If you’ve listened to the first episode of the A Little Salty Podcast, you know that I could eat chips and salsa forever and never get tired of it. I am a huge fan of all things spicy and Mexican food is my favorite. Here are a few of my favorite spicy, Mexican inspired dishes.
Back to this California burrito bowl! For the “fries”, I used russet potatoes but you can use sweet potatoes to pack even more of a nutritional punch. You can also vary the potatoes to your liking with their cut or cooking method. Chopping the potatoes into smaller cubes instead of wedges and cooking them in a skillet or in the air fryer can help them cook a bit quicker.
If you want to cook your potatoes in the air fryer, cut your potato into your desired shape and spray with a little avocado oil and then toss in your air fryer at 400 for about 15 minutes, shaking the basket every 5 minutes or so.
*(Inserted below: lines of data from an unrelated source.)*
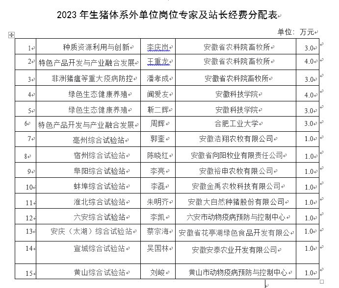安徽农业大学动物科技学院殷宗俊教授任安徽省生猪产业技术体系首席专家,协助安徽省农业农村厅开展全省生猪产业发展等事项,体系设有岗位专家及站长岗位,依据2023安徽省生猪产业技术体系科技服务委托协议,需向对方单位拨付合作经费,具体内容如下表。按照《安徽农业大学科研项目外拨经费管理暂行办法》规定进行公示,公示3天,时间为2023年10月19日-10月23日,如有异议,请在公示期内向动科楼311学院办公室反映。联系人:凌英会 杜亚娜 联系电话:0551-65786328。2023年10月19日
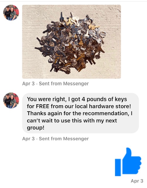 Over the last year I’ve received many messages and posts from workshop participants from Austin to Kalamazoo, with photos of boxes of keys and captions of “You were right! My hardware store had a whole box to give me!”
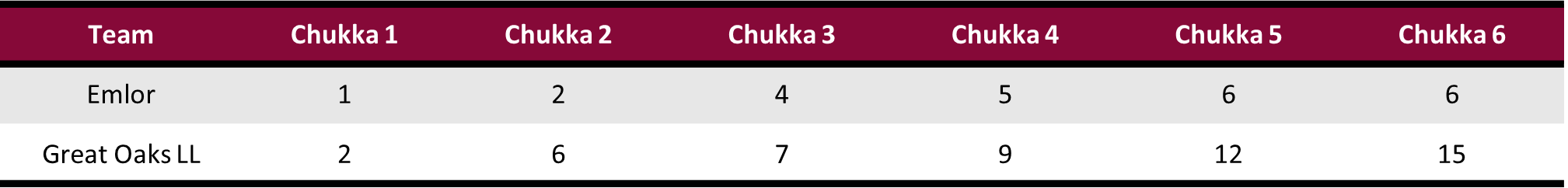 In the opening stages of the game, Castagnola scored back-to-back goals to give Great Oaks LL the early 2-0 lead as Emlor was unable to establish consistent possessions in the attacking half. Accounting for his team’s first four goals, Castagnola was making his mark for Great Oaks LL, while an organized defense limited Emlor to just one goal each from Agustin Merlos and Alfredo Bigatti by the end of the second chukka. Before the chukka expired, Dillon Bacon drove forward and scored two goals in quick succession, extending the Great Oaks LL lead to four. Emlor’s duo of Merlos and Bigatti brought them back within three by halftime, but Great Oaks LL continued to control the ball in open play entering the second half.
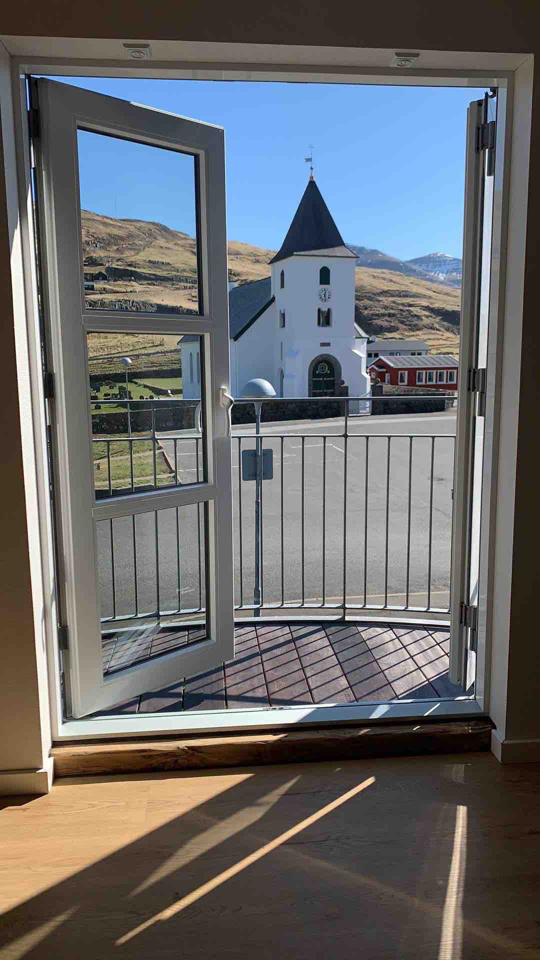 Una casa ai bordi della scogliera. Dalla zona giorno si gode di una vista diretta sulla famosa statua "The Seal Woman" e sulle montagne più ripide delle Isole Faroe. Al 1° piano ci sono cucina e soggiorno in un'unica stanza. In cucina sono presenti i normali servizi. È presente anche un bagno con doccia. Al piano superiore ci sono due camere da letto che possono ospitare 7 persone. Fuori casa c'è un piccolo balcone, dove si può godere di una vista spettacolare. Per raggiungere la casa è necessario prendere un traghetto.

This will give you maximum crispiness in the shortest amount of time. If you don’t have an air fryer, fear not! For this recipe I used oven instructions.
And if you DO have an air fryer, check out my other air fryer recipes!
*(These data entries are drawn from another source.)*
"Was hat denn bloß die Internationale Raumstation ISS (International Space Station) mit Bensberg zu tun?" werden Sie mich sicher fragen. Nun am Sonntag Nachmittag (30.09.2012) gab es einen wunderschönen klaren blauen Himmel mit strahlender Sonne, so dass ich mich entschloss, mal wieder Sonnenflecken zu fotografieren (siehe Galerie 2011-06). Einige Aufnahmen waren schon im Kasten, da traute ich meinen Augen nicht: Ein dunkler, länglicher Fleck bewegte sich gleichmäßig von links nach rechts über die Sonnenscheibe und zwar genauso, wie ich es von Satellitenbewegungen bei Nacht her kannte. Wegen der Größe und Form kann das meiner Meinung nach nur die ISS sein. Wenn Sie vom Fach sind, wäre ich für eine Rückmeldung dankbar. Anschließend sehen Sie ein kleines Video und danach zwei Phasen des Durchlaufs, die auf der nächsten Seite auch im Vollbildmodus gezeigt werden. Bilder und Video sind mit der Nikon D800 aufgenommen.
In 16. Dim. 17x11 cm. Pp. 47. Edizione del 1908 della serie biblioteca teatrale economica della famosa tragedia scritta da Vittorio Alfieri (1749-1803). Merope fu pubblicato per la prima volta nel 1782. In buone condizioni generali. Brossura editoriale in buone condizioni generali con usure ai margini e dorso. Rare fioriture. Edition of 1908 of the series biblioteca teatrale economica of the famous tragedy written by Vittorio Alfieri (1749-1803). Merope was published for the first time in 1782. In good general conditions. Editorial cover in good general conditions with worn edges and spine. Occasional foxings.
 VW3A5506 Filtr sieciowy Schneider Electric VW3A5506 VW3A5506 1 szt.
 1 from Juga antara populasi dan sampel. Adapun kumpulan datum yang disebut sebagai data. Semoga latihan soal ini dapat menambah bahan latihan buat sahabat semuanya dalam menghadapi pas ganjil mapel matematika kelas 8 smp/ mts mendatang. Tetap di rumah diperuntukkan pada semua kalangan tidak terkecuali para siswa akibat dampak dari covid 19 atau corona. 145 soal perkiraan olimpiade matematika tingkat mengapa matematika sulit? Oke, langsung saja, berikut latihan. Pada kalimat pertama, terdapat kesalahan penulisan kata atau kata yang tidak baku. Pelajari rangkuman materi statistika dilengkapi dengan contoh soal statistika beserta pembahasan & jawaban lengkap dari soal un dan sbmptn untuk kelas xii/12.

Carne asada tastes best when cooked on a grill (in my opinion). You could definitely cook the steak stove top style but I highly recommend busting out the grill for this one. This recipe makes 4 servings but obviously you can be the judge of that. Wink wink. The hubby and I polished off half and said we were saving the rest for leftovers and somehow they were gone within an hour. Oops.
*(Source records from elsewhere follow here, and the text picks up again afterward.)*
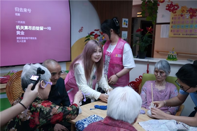 除了手工互动,团队还准备了简易的艾灸体验。成员们提前学习了基础艾灸知识,在医护人员的指导下,为有需求的老人温灸穴位,一边操作一边拉家常。“奶奶,您平时晚上睡得好吗?”“爷爷,孩子们最近来看您了吗?”聊天中,大家渐渐摸清了老人们的生活状态——不少老人因子女在外务工,一年到头难得见上几面,日常除了看病、吃饭,大多时候就是坐在窗边发呆,“孤独”成了他们生活里难以言说的底色。
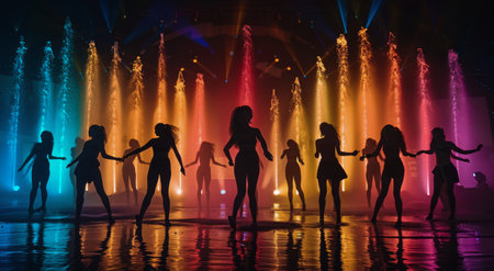 Silhouettes of dancers are illuminated by colorful fountains, creating a vibrant performance against the backdrop of a cityscape at night.
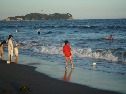 日曜日、海は家族連れがいっぱい夏休みになって初めての日曜日、小さな子供連れの家族が目立つ。 |
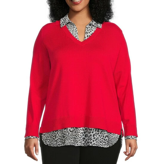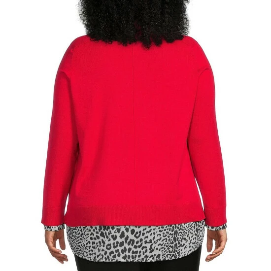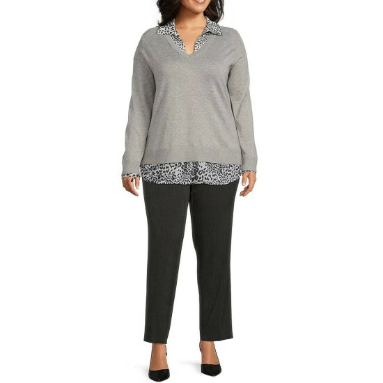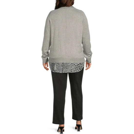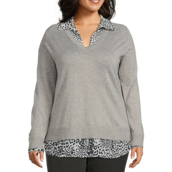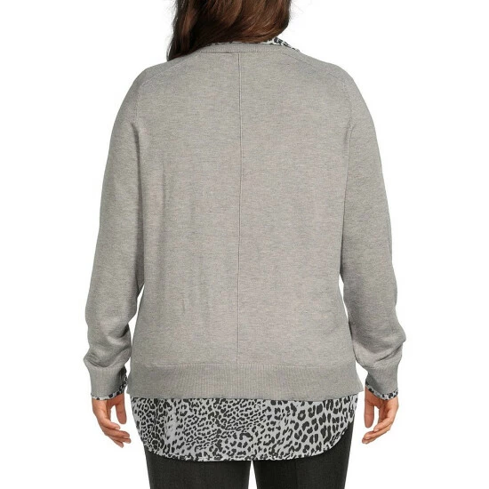 Brand new ๐Ÿ˜€ Investments Plus Size Animal Print Long Sleeve V-Neck Two-Fer Top Grey Heather ๐Ÿฅฐ
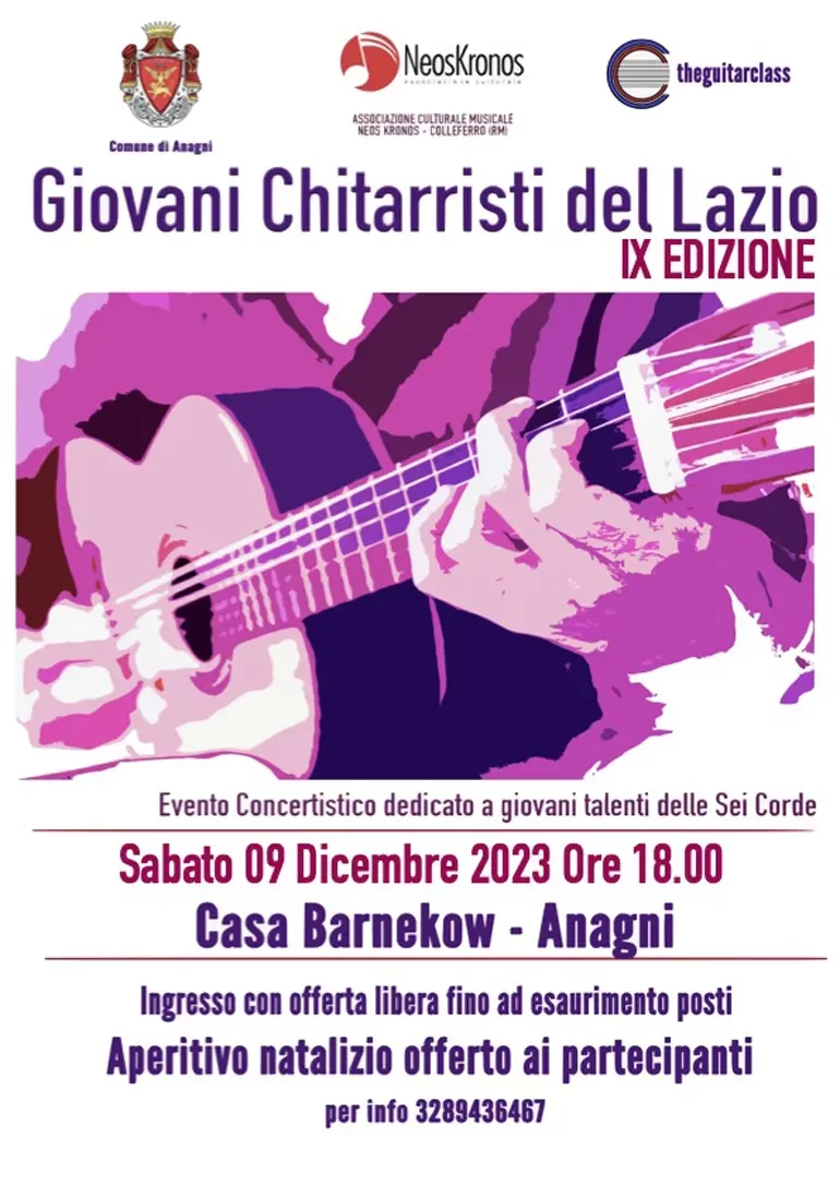 Si inizia Sabato 9 Dicembre alle ore 18 con la rassegna “Giovani Chitarristi del Lazio – IX edizione” che abbiamo il piacere di ospitare per il terzo anno consecutivo: un evento concertistico di giovanissimi e talentuosi musicisti a cura dell’Associazione Culturale Musicale Neos Kronos e sotto la direzione del Maestro Stefano Spallotta. L’evento si concluderà con un aperitivo natalizio.

This meal would be great as an appetizer for a larger group to share, a tasty lunch or a nice filling dinner. You could even throw a fried egg on top and call it breakfast! Oooooh, I am DEFINITELY trying that. Sooner rather than later. This would totally work for a nice meal prep as well! With all the ingredients being Whole30 compliant and just wholesome real food, you really can’t go wrong with this California burrito bowl!Print
For the Steak
- 1 lb flank steak
- 1/2–1 jalapeno diced (I used 1 but use 1/2 if you don’t want too much heat)
- 1 1/2 TBS olive oil
- 1 tsp minced garlic
- Juice of half a lime
- salt and pepper to taste
For the Potatoes
- 2 small russet potatoes cut into wedges (or sweet potatoes)
- avocado oil spray
- salt and pepper to taste
- jalapeno slices
- Preheat oven to 400 degrees
- Add all the ingredients for the steak marinade in a freezer bag along with the meat. Seal bag and use hands to massage marinade into the steak. Allow to marinate for 30 minutes to an hour
- Place potatoes on a baking sheet covered in parchment paper and spray with avocado oil and add salt and pepper
- Bake for 35 minutes flipping halfway through
- While the potatoes are baking, pre-heat outdoor grill to medium-high
- Grill steak for 5-6 minutes on each side (longer if you prefer medium-well or well done). If cooking on the skillet, you will use the same cooking time.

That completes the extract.